> WHAT THIS TASK INVOLVES
Taking the line with "Arriving at this" as the first and the line with "女士可爱小熊印花无缝内裤裸氨棉舒适透气三角裤少女裤头3396" as the last, set down the lines below exactly, pictures excluded.

> EXCERPTED RECORDS
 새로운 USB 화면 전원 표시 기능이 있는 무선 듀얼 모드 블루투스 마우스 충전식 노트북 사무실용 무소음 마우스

* * *

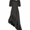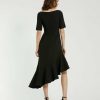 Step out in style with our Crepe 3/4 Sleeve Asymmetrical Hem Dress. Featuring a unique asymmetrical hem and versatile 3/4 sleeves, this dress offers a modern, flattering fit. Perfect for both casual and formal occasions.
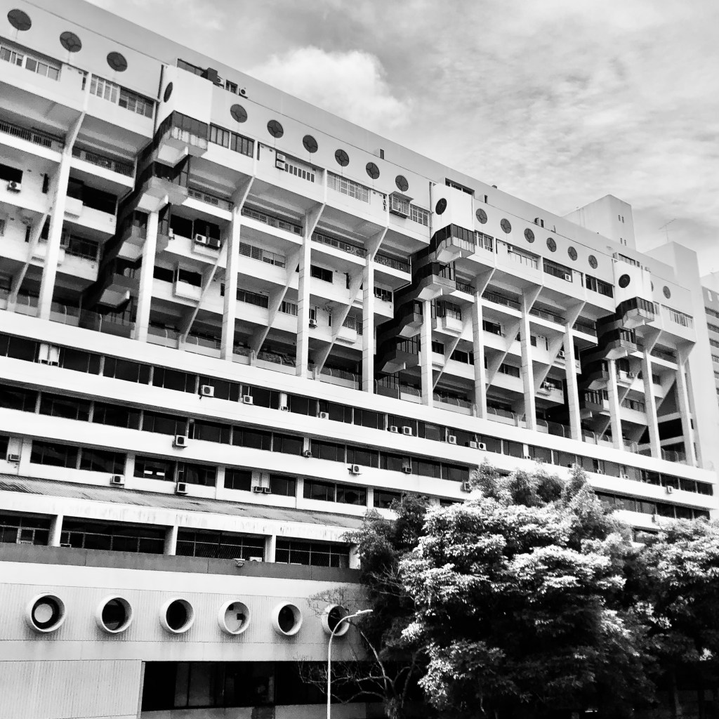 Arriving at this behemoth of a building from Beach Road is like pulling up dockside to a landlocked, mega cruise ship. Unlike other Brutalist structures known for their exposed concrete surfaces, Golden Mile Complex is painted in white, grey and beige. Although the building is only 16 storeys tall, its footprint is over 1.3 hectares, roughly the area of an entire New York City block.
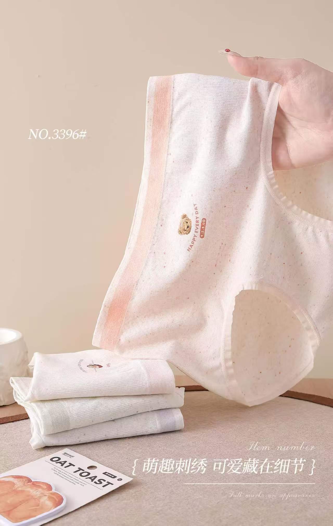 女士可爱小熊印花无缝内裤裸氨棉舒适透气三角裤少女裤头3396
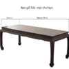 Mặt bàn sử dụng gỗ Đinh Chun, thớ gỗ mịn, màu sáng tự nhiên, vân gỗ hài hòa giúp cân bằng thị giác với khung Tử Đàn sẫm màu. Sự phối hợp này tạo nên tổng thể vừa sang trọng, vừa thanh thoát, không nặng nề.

> RESULT OF THE EXERCISE
 Arriving at this behemoth of a building from Beach Road is like pulling up dockside to a landlocked, mega cruise ship. Unlike other Brutalist structures known for their exposed concrete surfaces, Golden Mile Complex is painted in white, grey and beige. Although the building is only 16 storeys tall, its footprint is over 1.3 hectares, roughly the area of an entire New York City block.
 女士可爱小熊印花无缝内裤裸氨棉舒适透气三角裤少女裤头3396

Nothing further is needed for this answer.